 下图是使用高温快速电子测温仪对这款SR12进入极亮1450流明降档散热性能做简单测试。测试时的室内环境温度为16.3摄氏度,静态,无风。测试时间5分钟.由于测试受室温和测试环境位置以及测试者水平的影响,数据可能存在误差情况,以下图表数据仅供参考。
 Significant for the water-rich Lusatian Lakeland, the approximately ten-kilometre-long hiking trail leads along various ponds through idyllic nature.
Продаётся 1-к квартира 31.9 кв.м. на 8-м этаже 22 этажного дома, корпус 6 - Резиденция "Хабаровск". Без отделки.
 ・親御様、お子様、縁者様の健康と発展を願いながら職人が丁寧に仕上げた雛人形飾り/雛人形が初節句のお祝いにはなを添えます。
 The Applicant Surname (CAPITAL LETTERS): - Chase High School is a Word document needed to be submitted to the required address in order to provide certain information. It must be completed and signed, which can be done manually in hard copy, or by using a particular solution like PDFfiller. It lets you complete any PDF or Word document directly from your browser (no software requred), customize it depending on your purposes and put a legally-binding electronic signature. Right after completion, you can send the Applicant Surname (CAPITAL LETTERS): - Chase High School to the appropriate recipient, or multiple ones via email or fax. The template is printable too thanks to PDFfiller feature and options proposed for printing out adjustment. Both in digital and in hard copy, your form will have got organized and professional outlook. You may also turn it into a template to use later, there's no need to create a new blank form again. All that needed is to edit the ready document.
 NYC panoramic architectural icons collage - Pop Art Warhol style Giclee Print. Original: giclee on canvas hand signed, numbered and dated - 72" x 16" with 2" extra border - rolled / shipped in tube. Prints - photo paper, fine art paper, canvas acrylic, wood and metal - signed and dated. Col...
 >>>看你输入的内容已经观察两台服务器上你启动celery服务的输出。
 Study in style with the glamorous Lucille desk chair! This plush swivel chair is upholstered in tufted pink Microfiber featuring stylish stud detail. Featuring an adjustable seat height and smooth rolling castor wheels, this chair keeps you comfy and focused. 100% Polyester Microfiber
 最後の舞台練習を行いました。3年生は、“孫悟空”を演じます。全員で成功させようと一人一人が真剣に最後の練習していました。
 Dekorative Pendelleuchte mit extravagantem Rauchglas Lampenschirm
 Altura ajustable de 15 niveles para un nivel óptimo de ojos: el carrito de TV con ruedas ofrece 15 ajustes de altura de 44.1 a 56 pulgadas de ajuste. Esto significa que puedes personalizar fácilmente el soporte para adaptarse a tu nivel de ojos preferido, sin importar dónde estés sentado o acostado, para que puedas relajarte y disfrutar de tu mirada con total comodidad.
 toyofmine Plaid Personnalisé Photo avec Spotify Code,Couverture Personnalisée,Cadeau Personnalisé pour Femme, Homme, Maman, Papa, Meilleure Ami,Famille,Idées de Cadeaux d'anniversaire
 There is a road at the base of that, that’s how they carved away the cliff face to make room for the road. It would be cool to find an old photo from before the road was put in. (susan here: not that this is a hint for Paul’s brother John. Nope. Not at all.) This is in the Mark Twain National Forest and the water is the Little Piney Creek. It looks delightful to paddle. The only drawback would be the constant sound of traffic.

§ Task directions
In the records above, find each line that mentions the word "with", and copy it.

§ Answer section
 NYC panoramic architectural icons collage - Pop Art Warhol style Giclee Print. Original: giclee on canvas hand signed, numbered and dated - 72" x 16" with 2" extra border - rolled / shipped in tube. Prints - photo paper, fine art paper, canvas acrylic, wood and metal - signed and dated. Col...
 Study in style with the glamorous Lucille desk chair! This plush swivel chair is upholstered in tufted pink Microfiber featuring stylish stud detail. Featuring an adjustable seat height and smooth rolling castor wheels, this chair keeps you comfy and focused. 100% Polyester Microfiber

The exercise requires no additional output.